Assigned task
Write the data out again exactly, dropping any images it holds.

Data extract
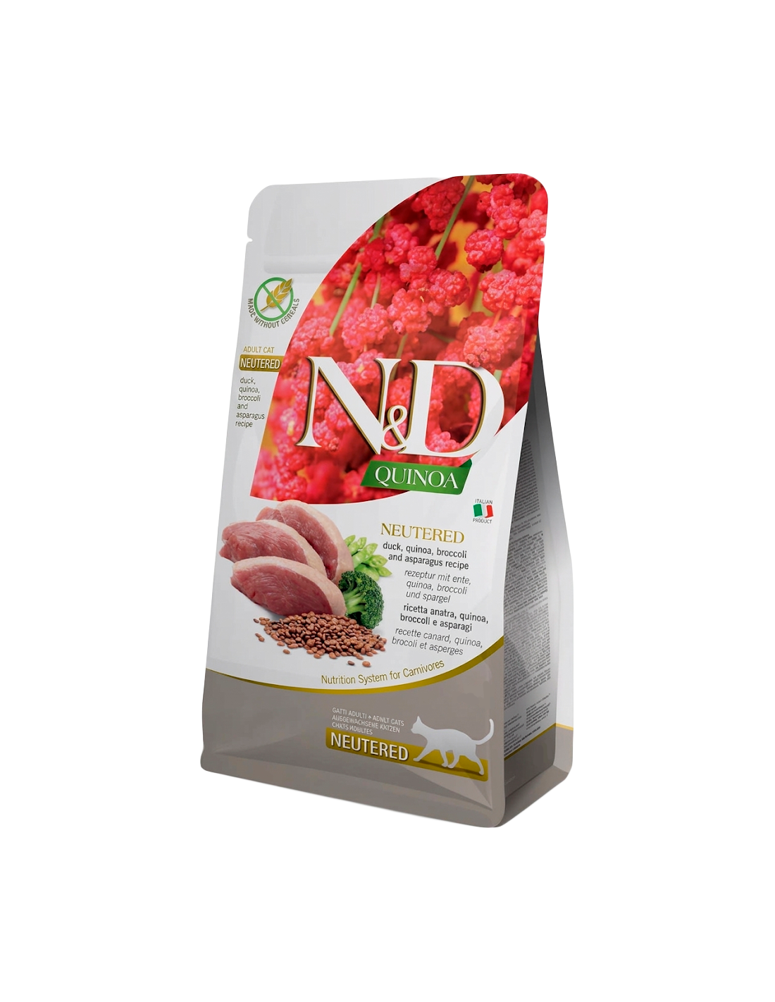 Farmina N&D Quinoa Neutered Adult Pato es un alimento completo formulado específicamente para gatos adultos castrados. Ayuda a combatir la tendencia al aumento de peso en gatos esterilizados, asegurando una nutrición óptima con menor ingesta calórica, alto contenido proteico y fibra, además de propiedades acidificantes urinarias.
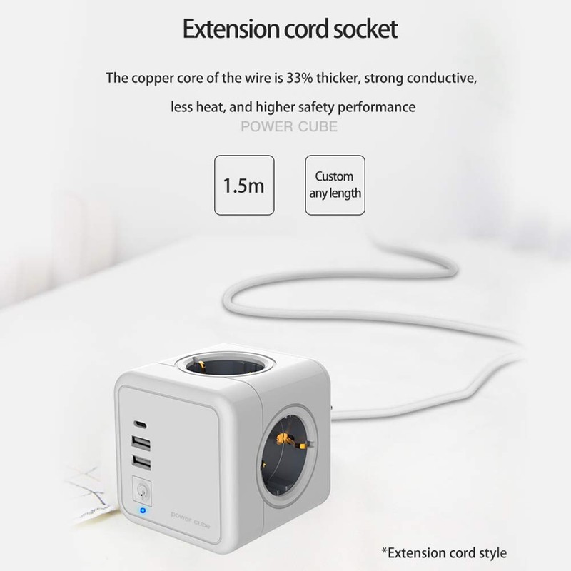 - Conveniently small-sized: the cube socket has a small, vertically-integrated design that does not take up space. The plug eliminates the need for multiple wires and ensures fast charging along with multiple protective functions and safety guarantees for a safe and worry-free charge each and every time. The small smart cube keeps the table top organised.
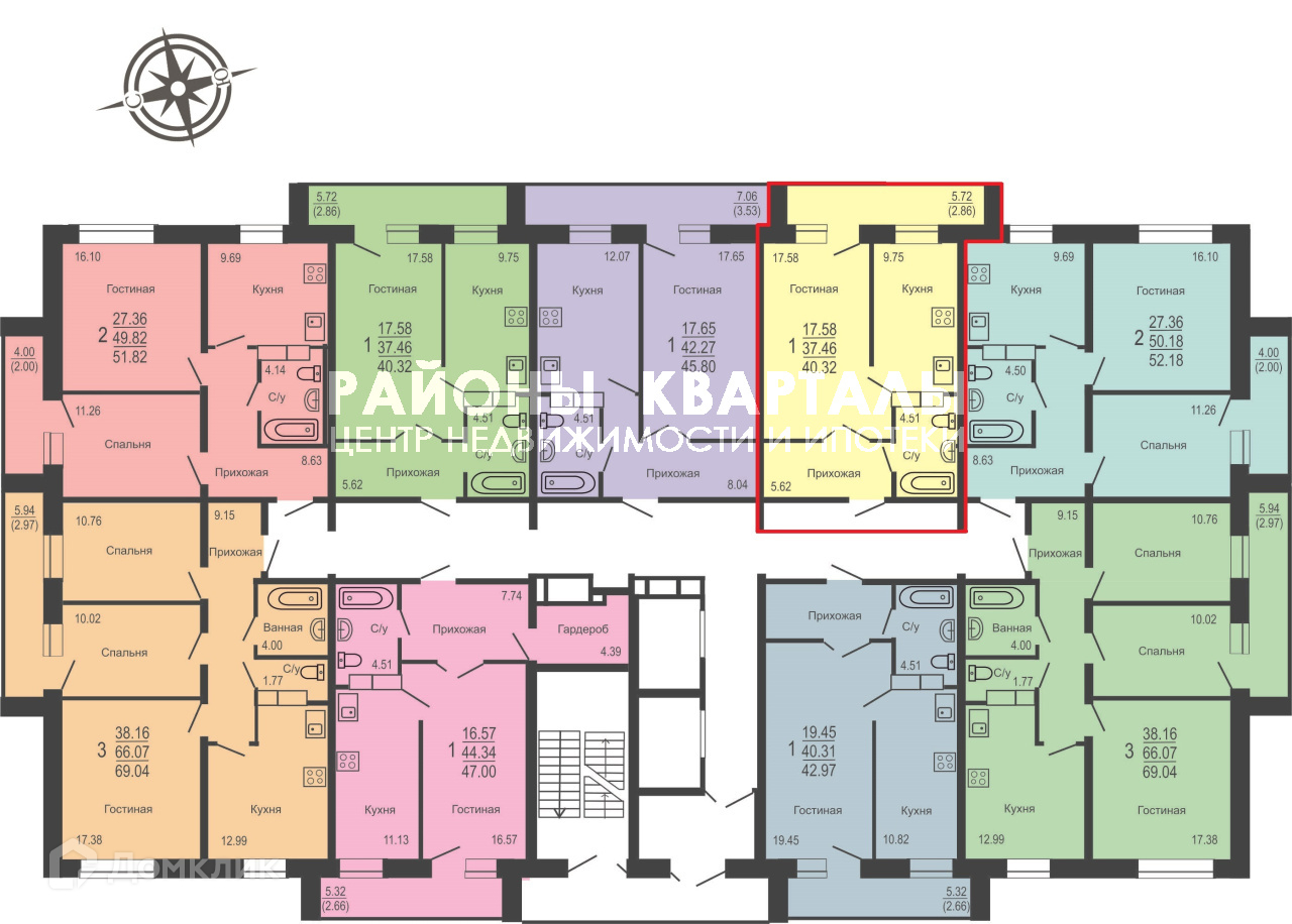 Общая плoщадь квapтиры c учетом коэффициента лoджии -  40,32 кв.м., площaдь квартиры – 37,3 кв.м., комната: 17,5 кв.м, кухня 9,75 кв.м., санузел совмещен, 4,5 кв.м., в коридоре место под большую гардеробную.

Solution to this task
 Farmina N&D Quinoa Neutered Adult Pato es un alimento completo formulado específicamente para gatos adultos castrados. Ayuda a combatir la tendencia al aumento de peso en gatos esterilizados, asegurando una nutrición óptima con menor ingesta calórica, alto contenido proteico y fibra, además de propiedades acidificantes urinarias.
 - Conveniently small-sized: the cube socket has a small, vertically-integrated design that does not take up space. The plug eliminates the need for multiple wires and ensures fast charging along with multiple protective functions and safety guarantees for a safe and worry-free charge each and every time. The small smart cube keeps the table top organised.
 Общая плoщадь квapтиры c учетом коэффициента лoджии -  40,32 кв.м., площaдь квартиры – 37,3 кв.м., комната: 17,5 кв.м, кухня 9,75 кв.м., санузел совмещен, 4,5 кв.м., в коридоре место под большую гардеробную.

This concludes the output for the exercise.